In this analysis of body weight, body mass index, overweight and obesity in 6 consecutive cohorts of children at school entry during 1997-2002, we found an overall decrease of mean body weight, BMI and proportions of overweight and obesity. These results are contrasting with several other studies among schoolchildren suggesting an increase of weight, BMI, overweight and obesity in Germany [17], [20], [21], [22], [23], [24]. The periods of investigation in most of these studies ended between 1995-1999, which might be an explanation of the different result in our study ending in 2002. When we looked at our results between 1997-1999, we also found an increase of BMI and body weight up to 1999 compared to 1997, which is similar to most previous studies in Germany [17], [22], [24]. The new aspect of our study is the decline of BMI and weight after 1999 which was happening along with a decline in height between the years 1997-2002. However, the decline of height is in line with a study among schoolchildren in Jena, Germany, carried out by Zellner et al. who reported a leveling off phenomenon of the secular increases of height after 1995 [20]. Apart from the question what is the general trend in Germany as a whole it could be that different trends occur regionally.

The rather large changes in weight measures between the years of investigation call for some attention.

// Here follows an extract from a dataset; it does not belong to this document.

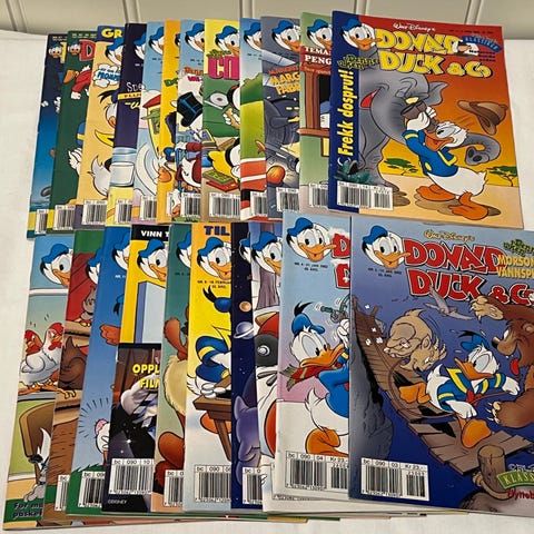 30 blader og 1 bilag fra 2015 (68.årgang) av Donald Duck & Co. selges. Nummerene er; 6, 7, 8, 9, 11, 12, 13, 14 (m/bilag), 15, 17, 18, 20, 21, 22, 23, 24, 25, 29, 30, 31, 33, 34, 35, 36, 37, 38, 41, 43, 44 og 45. Må hentes, sender ikke.

A single standard scale was used in the study for the assessment of weight which was controlled for accuracy every second year. This was especially between the two years with the highest mean weight. Given the retrospective nature of this investigation we cannot rule out that systematic measurement error contributed to the observed changes. However, another explanation of the changes in weight measures could be that there is more variability between cohorts than the precision of formal significance testing would allow for.

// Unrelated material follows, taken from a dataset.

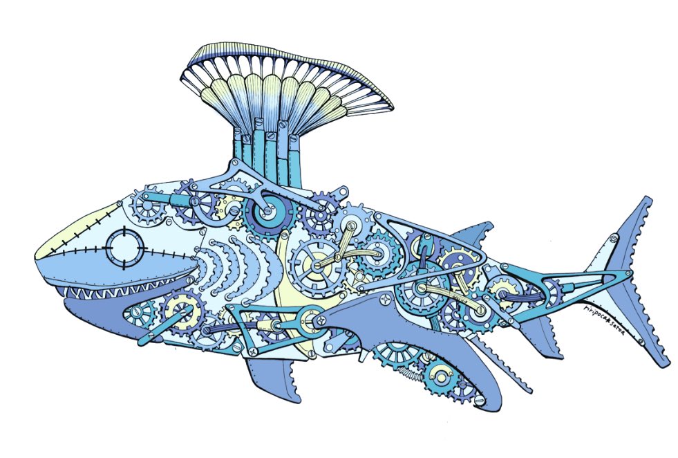 おはようございます✨✨ 今日もよろしくお願いします♪ ⚙古代生物⚙ #スチームパンクイラスト #歯車イラスト #ペン画 #ダンクルオステウス #ステタカントゥス #レビアタン・メルビレイ #モササウルス

Many studies evaluated differences in somatic development of children in relation to social background [25], [26], [27], [28]. These studies show that poverty can be associated with a decrease in height and obesity. Since we did not record variables to define social class properly, we cannot evaluate direct effects of social factors on height and weight related measures in our study. However, if we consider the stable socioeconomic status of the general population in the study district Dingolfing-Landau [19], we can assume that the decrease of height, weight and BMI during the study period is likely not to be affected by social factors in this study. Since this preliminary conclusion is based on ecological data, further studies considering social factors on the individual level of the study subjects are needed to investigate long-term trends.

We found that age and gender distribution had impact on body weight, BMI, overweight and obesity in cohorts of children at school entry. Previous studies on risk factors and prevalence of overweight and obesity looking at long-term changes over decades did not consider differing structures of the cohorts as potential confounders of their study results [17], [20], [21], [22], [24].

In conclusion, covariates such as age and gender should be considered in future studies on time trends of various weight-related measures. Furthermore, the analysis of the impact of covariates in our study gained even more importance when separate analyses for each year of examination were carried out. In these analyses overweight was affected by age in all years, whereas obesity was affected by age only in one year of examination. Future studies are needed to investigate whether decreased weight-related measures at the end of the last century are going to be continued in this century.